That Nets pick in the Kyrie Irving trade gives the Cavs a crucial LeBron James insurance policy


The best-case scenario for the Cavaliers is for the Nets to be awarded the No. 1 overall pick in the 2018 draft. (Kathy Willens/Associated Press)

Normally, it’s difficult to get back close to equal value for a talent like Kyrie Irving, a four-time all-star and one-time NBA champion. But in this week’s trade with the Boston Celtics, Cleveland’s front office managed to acquire not only players that will help the Cavaliers remain competitive in the East this season, but a critical future asset: the Brooklyn Nets’ 2018 unprotected first-round pick.

By pushing for the inclusion of the pick, the Cavaliers are betting that the Nets will be one of the worst teams in the NBA next season. If so, they can use that pick to either entice James to stay, by perhaps dangling the draft choice in a trade for a star veteran, or to rebuild if The King decides to leave.

The best-case scenario for Cleveland is Brooklyn winning the No. 1 overall pick in the 2018 draft. To maximize those odds, the Nets have to post the worst record in the NBA, which they just did last season.

The Nets, winners of only 20 games last season, should be a better team in 2017-18. They acquired D’Angelo Russell, the No. 2 overall pick in 2015, and Timofey Mozgov from the Los Angeles Lakers in exchange for Brook Lopez; selected 6-foot-10, 235-pound center Jarrett Allen from Texas in the first round of the draft; acquired Allen Crabbe from the Portland Trail Blazers, DeMarre Carroll from the Toronto Raptors and re-signed veteran point guard Jeremy Lin.

But the oddsmakers are not yet impressed, setting the Nets’ 2017-18 over/under win total at just 20 1/2 games, the lowest in the NBA for the upcoming season — which is great news for Cleveland’s front office.

Win totals such as these are not the end of the conversation in terms of team strength, but it is worth noting that, on average, teams with a higher win total have performed better during the regular season. Since 2001-02, an NBA team with a preseason win total of 20 1/2 or less has won 18 games with a high of 23 wins. A team with a win total between 21 and 25 1/2 games won 26 games on average, and upward from there.


Historical results don’t suggest a big uptick in wins, either. There have been 12 teams since 1979-80, the first year the three-point line was implemented, that won 20 games in a season. Just three improved by 10 or more wins the following season: the 1988-89 Golden State Warriors, the 1994-95 Milwaukee Bucks and the 1997-98 San Antonio Spurs. The Spurs took a huge leap forward after selecting future Hall of Fame big man Tim Duncan in the draft and the Bucks got a boost from Glenn Robinson, also a No. 1 overall pick. The Nets, while improved, don’t have that much talent coming in to help in 2017-18 (they landed the top choice in this year’s draft but had previously traded the rights to Boston).

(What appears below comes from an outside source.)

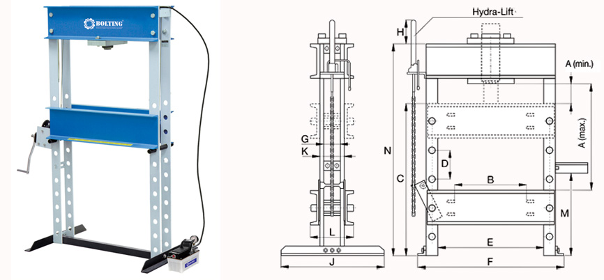 ◆ 利用用戶(hù)提供的支撐腿,壓床也能水平使用以適合特殊的應(yīng)用場(chǎng)合;

But even if the Cavaliers do get the top pick in the draft, it won’t mitigate the loss of a transcendental player like James.

ESPN gave the top pick in the 2017 draft, Markelle Fultz, a 5.9 percent chance of being an all-star at some point between his second and fifth season in the NBA. The No. 2 pick, Lonzo Ball, was given a 7.3 percent chance. And that’s just to be an all-star, not the four-time regular season MVP James has been throughout his career.

Over the past decade, the top overall pick has provided an average of 6.1 win shares per 82 games over their career, with a slight decrease in production with every pick thereafter. James is worth more than 2 1/2 times that amount (15.9 per 82 games), not including anything he did in the playoffs.


The better option for Cleveland would be to use the Nets’ pick to bring in another superstar to play alongside James. The 2018 NBA draft is deep with talent, especially at forward, with Missouri’s Michael Porter, Duke’s Marvin Bagley III, Arizona’s DeAndre Ayton and Texas’ Mohamed Bamba all figuring to be among the first names called from the podium. Certainly more than one NBA team would be interested in the upside a high draft pick provides at a cost-controlled price. Plus, the No. 1 overall pick has been traded six times in league history before the season started, with just one, the 1986 trade involving Brad Daugherty, triggering seller’s remorse.

Whether the Cavaliers decide to keep the pick or trade it, one thing is certain — their future looks much brighter than it did before the Irving trade.